▸ Try it: Beginning at the top of the entries below, retype each line exactly until the line containing "校团委学生副书记朱敏祺同学代" has been written out; include no pictures and no later lines.

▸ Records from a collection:
- Opening Delimiter -
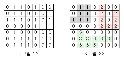<그림 1>과 같이 정사각형 모양의 지도가 있다. 1은 집이 있는 곳을, 0은 집이 없는 곳을 나타낸다. 철수는 이 지도를 가지고 연결된 집들의 모임인 단지를 정의하고, 단지에 번호를 붙이려 한다. 여기서 연결되었다는 것은 어떤 집이 좌우, 혹은 아래위로 다른 집이 있는 경우를 말한다. 대각선상에 집이 있는 경우는 연결된 것이 아니다. <그림 2>는 <그림 1>을 단지별로 번호를 붙인 것이다. 지도를 입력하여 단지수를 출력하고, 각 단지에 속하는 집의 수
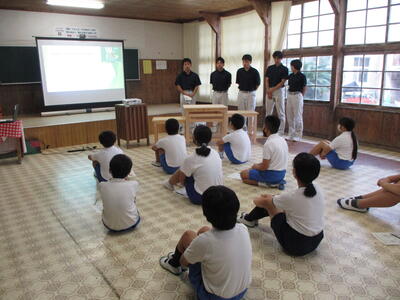 水俣高校建築コースの生徒さんや先生方のご指導のもと、卒業記念品制作を行いました。最初は木育授業として、高校生が先生となってプレゼンをしてくれました。
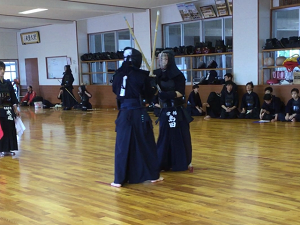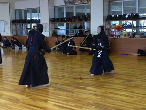 (高校生との練習を通して、中学生が高校でも剣道を続けたいと考えてもらいます。)
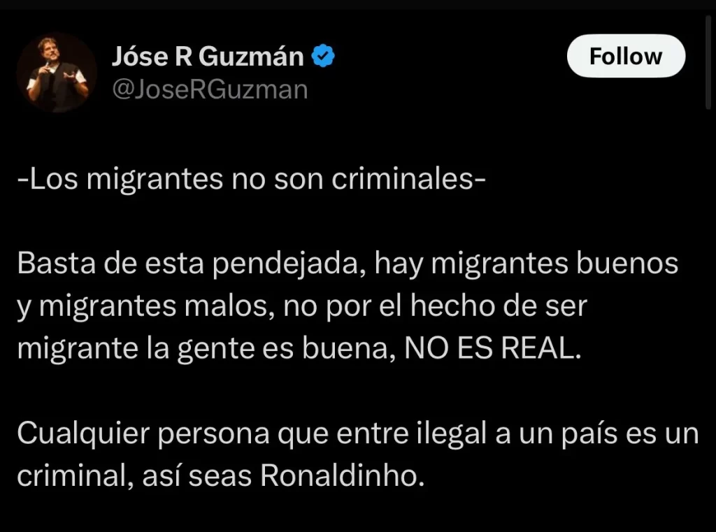 El comediante José Rafael Guzmán ES RE VIRAL en las redes sociales, luego que días atrás lanzará un tuit en el que afirmó que «no por el hecho de ser migrante la gente es buena, NO ES REAL. Cualquier persona que entre ilegal a un país es un criminal, así seas Ronaldinho», escribió en la red social X, por lo que sus seguidores reaccionaron con una batería de comentarios en contra de su comentario, otros lo apoyaron.
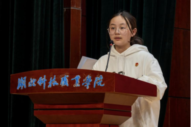 校团委学生副书记朱敏祺同学代表青马班全体学员上台发言,她表示将以虚心的学习态度、昂扬的精神风貌、饱满的学习热情投入学习培训中,持续深化理论学习、积极参与社会实践,以实际行动为实现中国梦贡献青春力量。
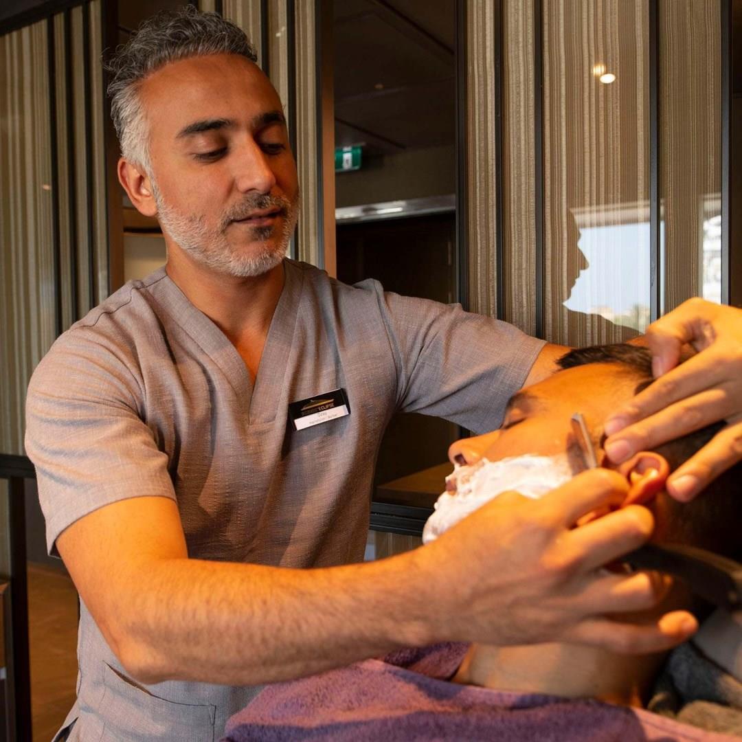 Our on board therapists provide ultra-luxury spa and hair salon treatments# to keep you looking and feeling your very best. Visit the hair salon for a treatment and style or enjoy a manicure and pedicure. Gentlemen, treat yourself to a beard-trim or shaving service.
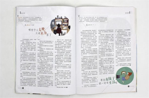 这事致力于培养和影响新一代积极、健康、豁达、平静、真实的成长和生活,使阅读成为一种享受。心中有岸,才有渡口,特别喜欢杂志里面那些经典且直戳心窝子的话。。
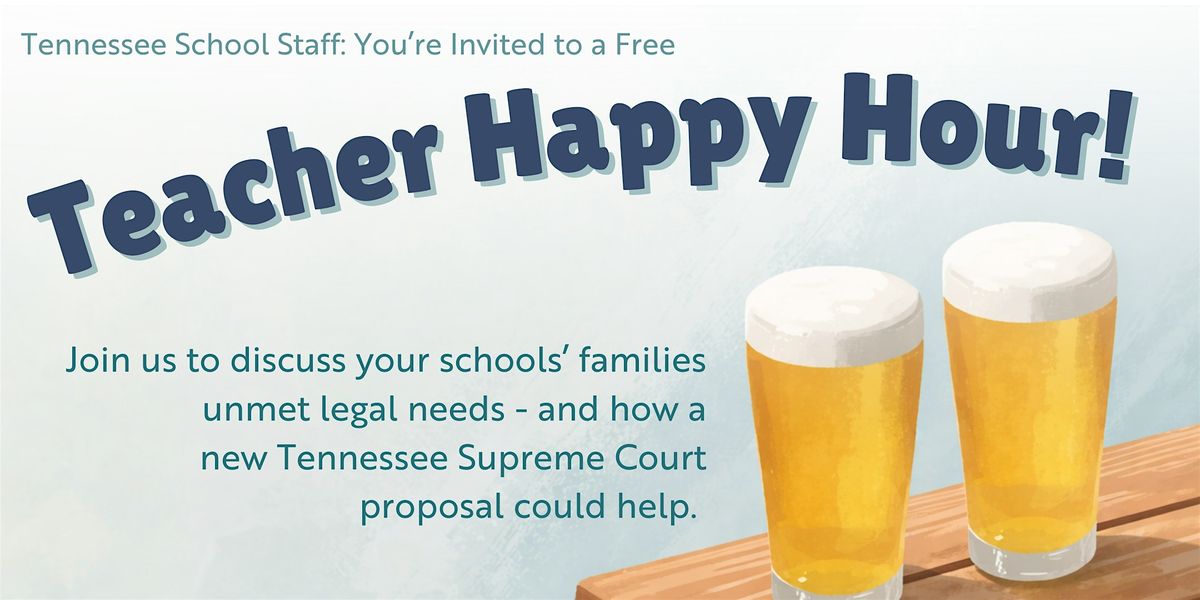 Join us for FREE drinks and snacks! We will discuss the Tennessee Supreme Court’s proposal to expand options for affordable legal help. We want to hear from teachers and educational professionals about legal issues they’ve encountered in their classrooms and in their own lives. Come to learn more about this exciting opportunity!
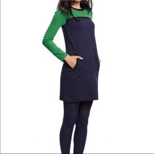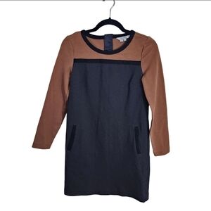 Boden Colorblock Ponte Knit Charcoal Tan Sheath Dress, Size 2. Pit to pit 17", shoulder to hem 32", Scoop Neck, Exposed Zip Closure, Pockets, Stretch. Good Pre-Owned Condition
- Closing Delimiter -
▸ Result of this task:
<그림 1>과 같이 정사각형 모양의 지도가 있다. 1은 집이 있는 곳을, 0은 집이 없는 곳을 나타낸다. 철수는 이 지도를 가지고 연결된 집들의 모임인 단지를 정의하고, 단지에 번호를 붙이려 한다. 여기서 연결되었다는 것은 어떤 집이 좌우, 혹은 아래위로 다른 집이 있는 경우를 말한다. 대각선상에 집이 있는 경우는 연결된 것이 아니다. <그림 2>는 <그림 1>을 단지별로 번호를 붙인 것이다. 지도를 입력하여 단지수를 출력하고, 각 단지에 속하는 집의 수
 水俣高校建築コースの生徒さんや先生方のご指導のもと、卒業記念品制作を行いました。最初は木育授業として、高校生が先生となってプレゼンをしてくれました。
 (高校生との練習を通して、中学生が高校でも剣道を続けたいと考えてもらいます。)
 El comediante José Rafael Guzmán ES RE VIRAL en las redes sociales, luego que días atrás lanzará un tuit en el que afirmó que «no por el hecho de ser migrante la gente es buena, NO ES REAL. Cualquier persona que entre ilegal a un país es un criminal, así seas Ronaldinho», escribió en la red social X, por lo que sus seguidores reaccionaron con una batería de comentarios en contra de su comentario, otros lo apoyaron.
 校团委学生副书记朱敏祺同学代表青马班全体学员上台发言,她表示将以虚心的学习态度、昂扬的精神风貌、饱满的学习热情投入学习培训中,持续深化理论学习、积极参与社会实践,以实际行动为实现中国梦贡献青春力量。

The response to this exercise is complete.